Foundations of Applied Mathematics

Course details, syllabus, and materials for MATH 3583.

Course Description

This course introduces students to the foundations of applied mathematics, emphasizing both the analytical techniques and their numerical implementations. Designed for undergraduate students with a solid understanding of calculus and differential equations, the course offers a deep dive into topics ranging from the fundamentals of numerical linear algebra to the modeling of physical phenomena through kinetics, diffusion, and more. Real-world applications will be showcased, providing students with a comprehensive understanding of how mathematical techniques are employed in various fields. Python (jupyter notebook) will be employed as the primary computational tool, making it a dual journey of mathematical rigor and computational exploration.
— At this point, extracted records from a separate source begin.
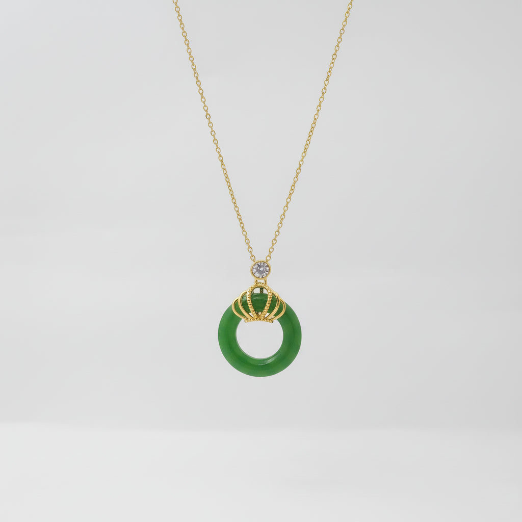Emerald Halo – Jade Crown Pendant Necklace
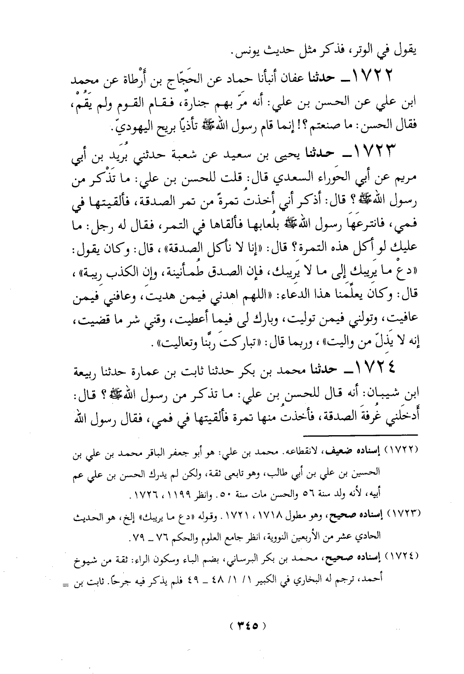 1723 - حدثنا يحيى بن سعيد عن شعبة حدثني بُرَيد بن أبي مريم عن أبي الحَوراء السعدي قال: قلت للحسن بن علي: ما تَذْكر من رسول الله - صلى الله عليه وسلم -؟ قال: أذكر أني أخذتُ تمرةً من تمر الصدقة، فألقيتها في فمي، فانترعَهَا رسول الله - صلى الله عليه وسلم - بلُعابها فألقاها في التمر، فقال له رجل: ما عليك لو أكل هذه التمرة؟ قال: "إنا لا يأكل الصدقة"، قال: وكان يقول: "دعْ ما يرِيبك إِلى ما لا يَرِيبك، فإن الصدق طُمأنينة، وإنِ الكذب رِيبة"، قال: وكان يعلَّمنا هذا الدعاء: "اللهم اهدني فيمن هديتَ، وعافني فيمن عافيت، وتولني فيمن توليت، وبارك لى فيما أعطيت، وقني شر ما قضيت، إنه لا يَذلّ من واليت"، وربما قال: "تباركتَ ربَّنا وتعاليت".
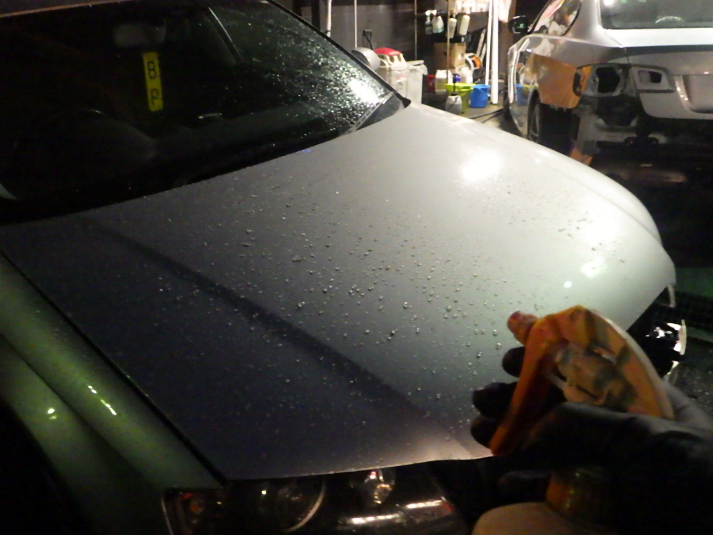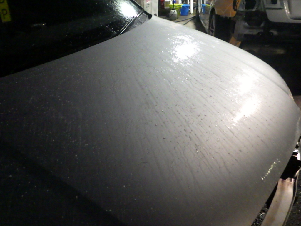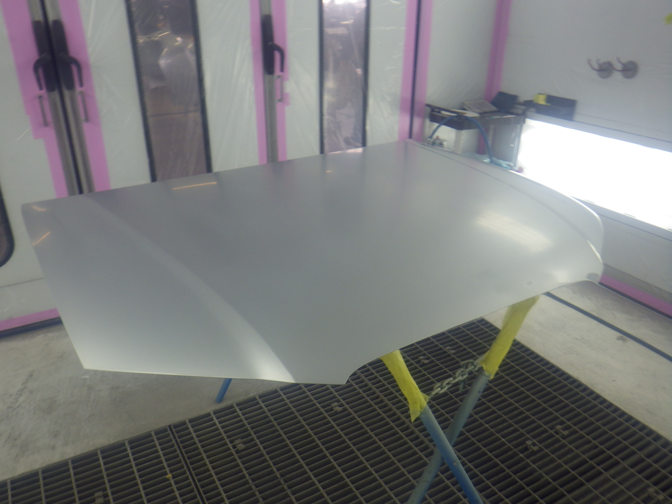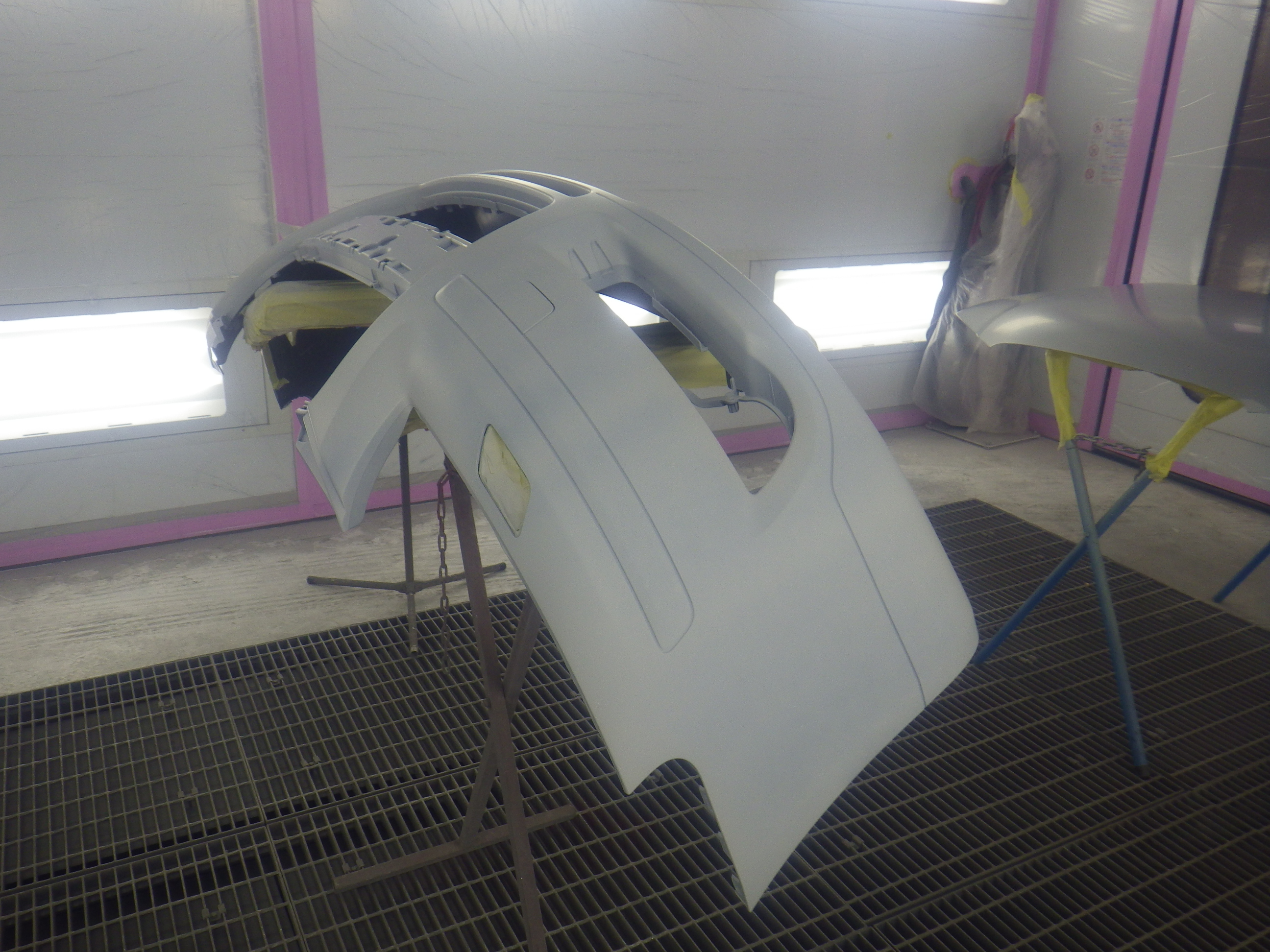 鉄粉除去作業の後、キズ修正作業を行い、塗装準備(足付け、マスキング、脱脂、エアブロー)を行い、サフェーサーの塗布作業をおこないました。
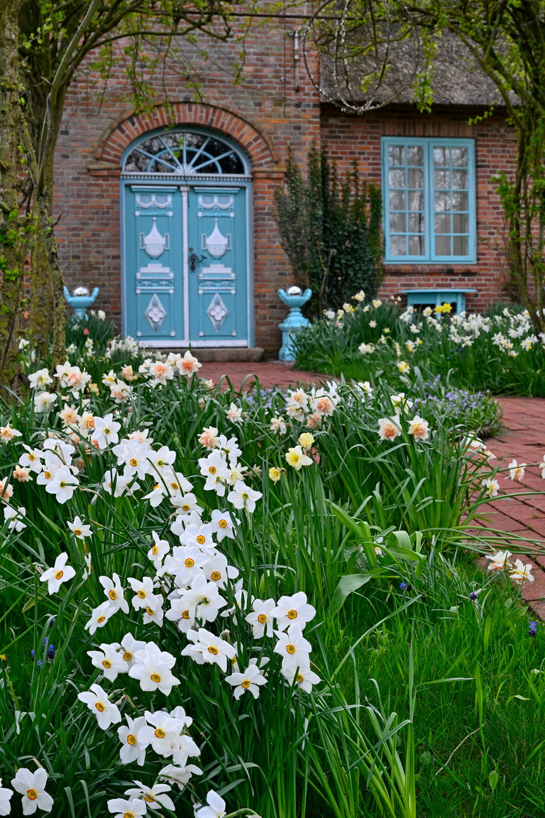 Eingang, Narcissus, Narzissen, Vorgarten, Bank
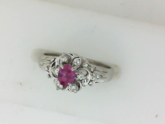 Lady's White Platinum Contemporary Fashion Ring Size 4.5 With One Round Ruby And Round Diamonds
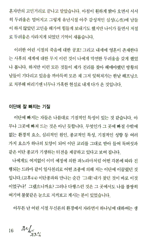 이단에 매여 있다가 주의 은혜로 회심한 자전적 신앙 수기
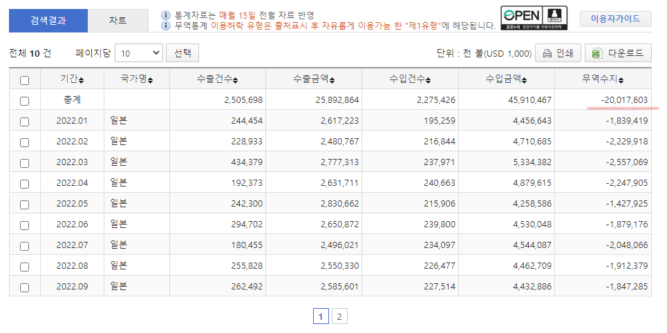 30年以上連続して、日本は黒字で、韓国は赤字。>>8

By the end of this course, you will be able to:

  • Understand and apply Taylor expansion techniques to real-world problems.
  • Solve complex problems using numerical linear algebra, appreciating the matrix multiplication, eigenvalues, and transformations.
  • Understand the fundamental principles of dimensionality reduction, applying them to real-world problems.
  • Analyze and model dynamic systems with kinetics equations, understanding the underlying principles of chemical reactions, ecological dynamics, and conservation laws.
  • Dive deep into the diffusion equation, grasping both discrete models like random walks and continuum theories.
  • Understand the fundamental principles behind traffic flow, applying mathematical models to predict and analyze traffic dynamics.
  • Tackle Laplacian equations in 2D, appreciating their significance and solving them using finite difference methods.

Content

  1. Python basic
  2. Vectors: vector addition, scaler multiplication, linear combination, linear independence, vector space
  3. Inner product: dot product, inner product, Taylor expansion, polynomial approximation
  4. Matrices: matrix multiplication, Echelon form, Gauss Jordan elimination, inverse
  5. Dimensional Analysis dimension reduction
  6. Kinetics: kinetic equations, conservation law, steady states
  7. Diffusion: random walks, continuous limit
  8. Traffic flow: density, flux, characteristic
  9. Laplacian: 2D Cartesian, boundary condition, numerical solutions
  10. Projects